=== PROBLEM TO WORK ON ===
In the records below, find the line with "El Premio de" and repeat exactly every line from it through the line with "This single-breasted blazer". Pictures stay out.

=== DATA FOR THIS EXERCISE ===
[Start of section]

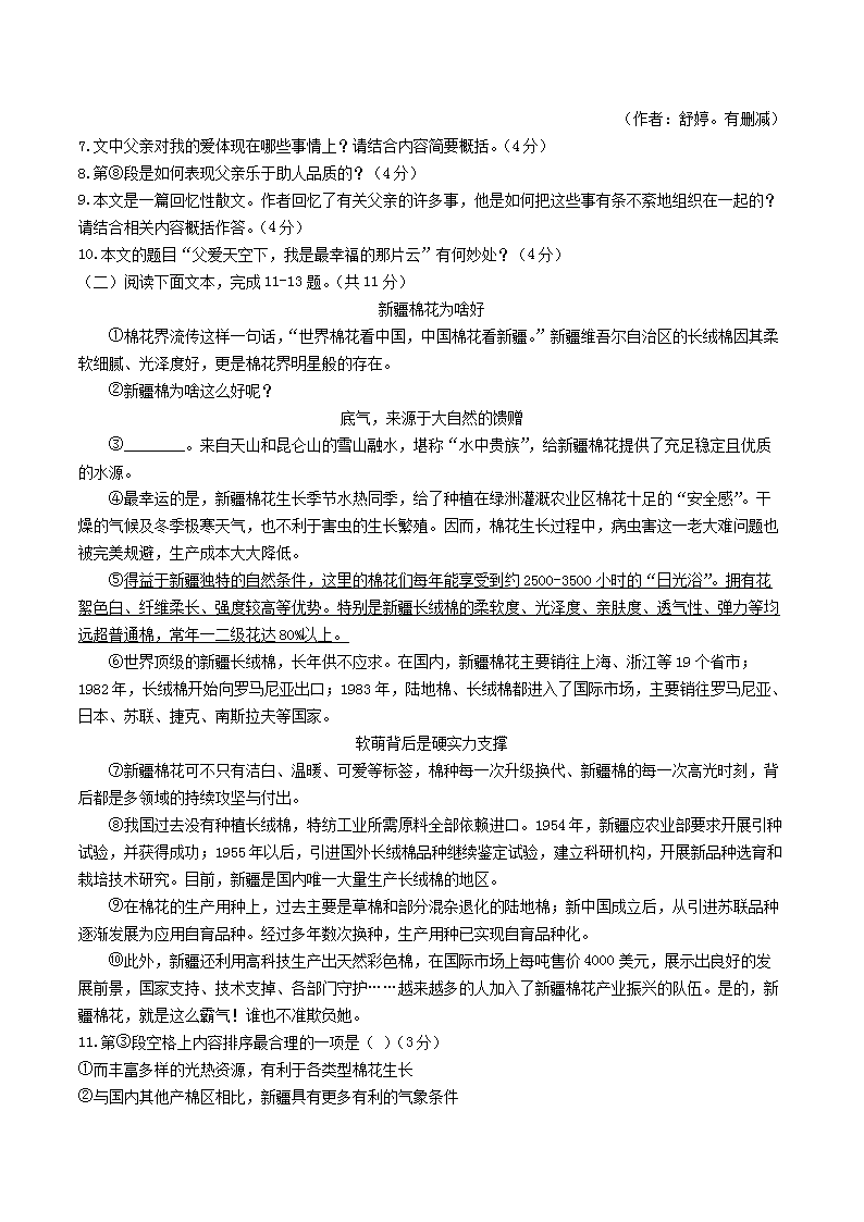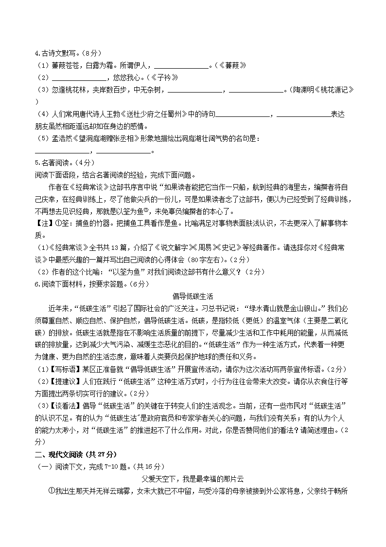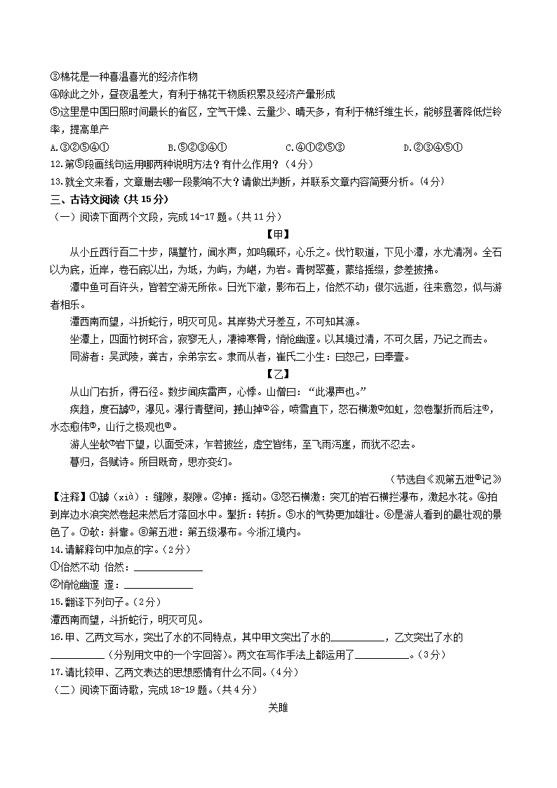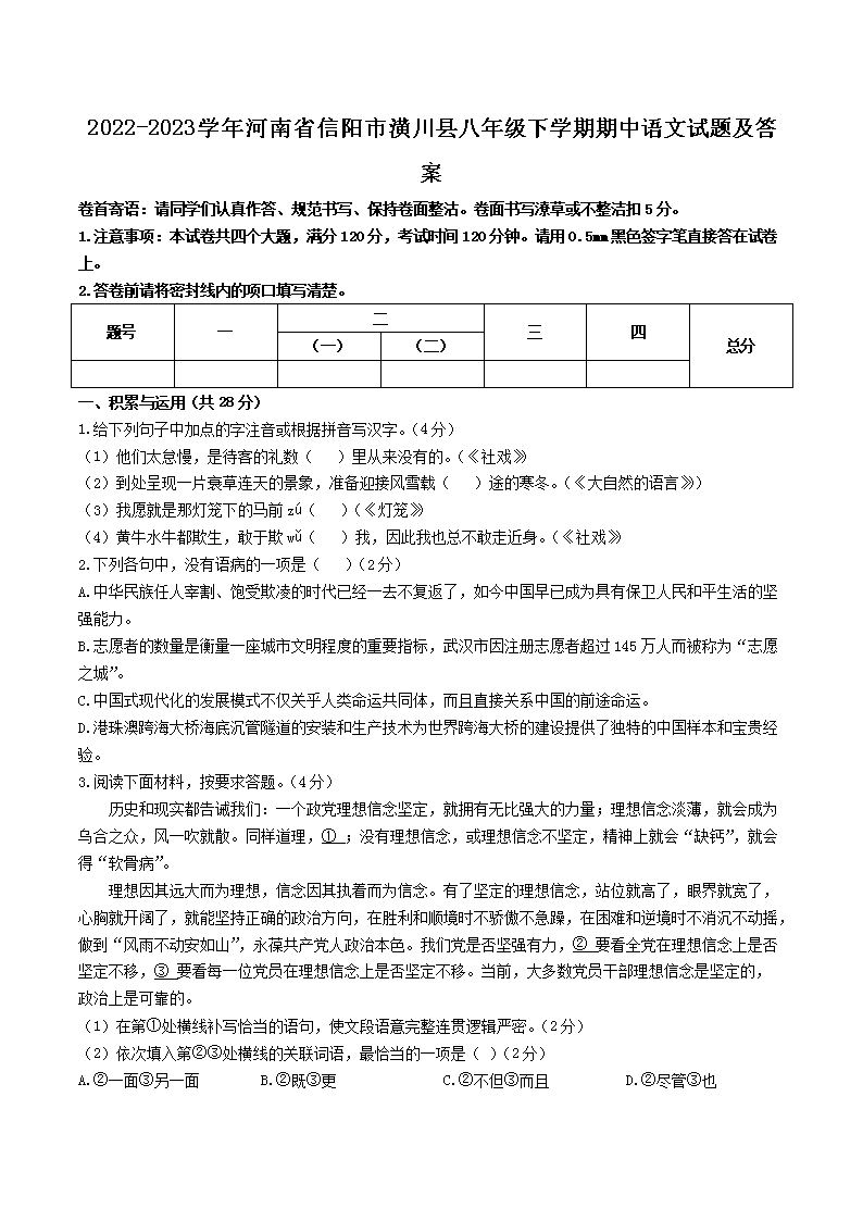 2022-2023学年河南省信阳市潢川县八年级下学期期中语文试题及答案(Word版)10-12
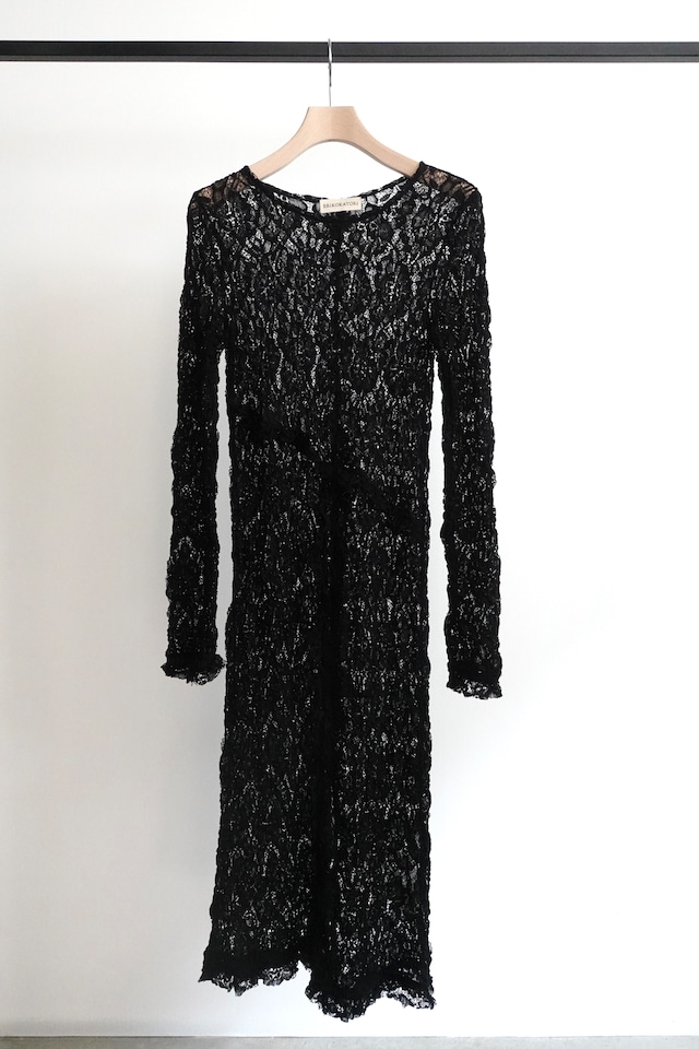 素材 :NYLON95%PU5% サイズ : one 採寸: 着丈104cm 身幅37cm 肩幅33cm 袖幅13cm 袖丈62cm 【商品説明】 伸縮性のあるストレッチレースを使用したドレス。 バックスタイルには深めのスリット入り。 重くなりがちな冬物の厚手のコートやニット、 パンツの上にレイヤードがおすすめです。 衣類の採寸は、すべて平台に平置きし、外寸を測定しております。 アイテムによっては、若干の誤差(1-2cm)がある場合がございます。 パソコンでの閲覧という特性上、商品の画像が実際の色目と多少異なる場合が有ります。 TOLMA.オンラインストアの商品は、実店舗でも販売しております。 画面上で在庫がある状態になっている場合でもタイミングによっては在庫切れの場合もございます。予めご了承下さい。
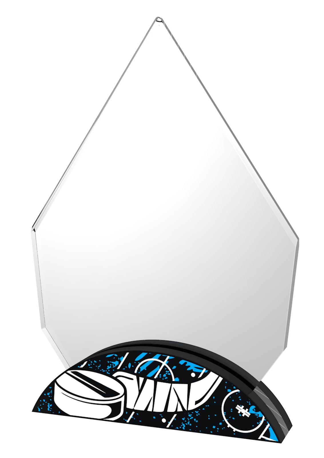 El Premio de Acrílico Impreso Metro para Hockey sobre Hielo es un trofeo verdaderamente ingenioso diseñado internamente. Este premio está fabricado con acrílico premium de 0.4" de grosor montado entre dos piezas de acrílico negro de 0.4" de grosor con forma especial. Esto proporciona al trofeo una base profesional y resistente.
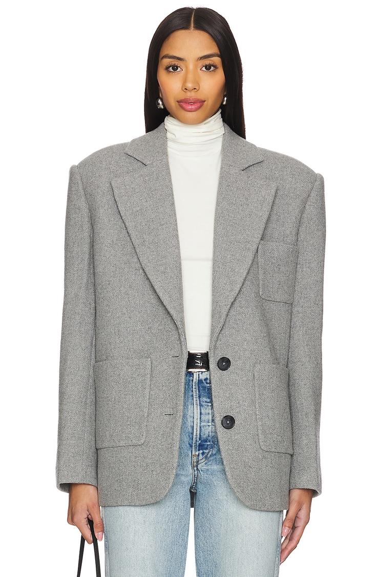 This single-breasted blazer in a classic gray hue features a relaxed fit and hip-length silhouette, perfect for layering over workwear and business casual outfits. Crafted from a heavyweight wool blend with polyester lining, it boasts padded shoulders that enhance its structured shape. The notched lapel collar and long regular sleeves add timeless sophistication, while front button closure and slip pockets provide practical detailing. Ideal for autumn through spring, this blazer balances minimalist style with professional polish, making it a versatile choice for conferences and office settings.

[End of section]
[Start of section]

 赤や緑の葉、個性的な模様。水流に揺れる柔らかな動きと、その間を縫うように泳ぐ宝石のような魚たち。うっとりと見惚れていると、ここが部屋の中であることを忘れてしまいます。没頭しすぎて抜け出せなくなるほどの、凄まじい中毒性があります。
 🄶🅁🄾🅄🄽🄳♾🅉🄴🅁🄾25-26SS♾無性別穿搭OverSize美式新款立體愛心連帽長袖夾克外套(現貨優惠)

[End of section]
[Start of section]

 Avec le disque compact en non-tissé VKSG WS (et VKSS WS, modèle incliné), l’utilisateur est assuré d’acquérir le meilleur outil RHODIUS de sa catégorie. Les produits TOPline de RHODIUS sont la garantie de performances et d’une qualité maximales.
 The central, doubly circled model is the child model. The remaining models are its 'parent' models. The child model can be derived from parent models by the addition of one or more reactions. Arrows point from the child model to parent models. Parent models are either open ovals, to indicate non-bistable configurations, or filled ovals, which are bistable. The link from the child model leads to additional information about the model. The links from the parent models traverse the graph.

[End of section]

=== FINISHED TASK ===
 El Premio de Acrílico Impreso Metro para Hockey sobre Hielo es un trofeo verdaderamente ingenioso diseñado internamente. Este premio está fabricado con acrílico premium de 0.4" de grosor montado entre dos piezas de acrílico negro de 0.4" de grosor con forma especial. Esto proporciona al trofeo una base profesional y resistente.
 This single-breasted blazer in a classic gray hue features a relaxed fit and hip-length silhouette, perfect for layering over workwear and business casual outfits. Crafted from a heavyweight wool blend with polyester lining, it boasts padded shoulders that enhance its structured shape. The notched lapel collar and long regular sleeves add timeless sophistication, while front button closure and slip pockets provide practical detailing. Ideal for autumn through spring, this blazer balances minimalist style with professional polish, making it a versatile choice for conferences and office settings.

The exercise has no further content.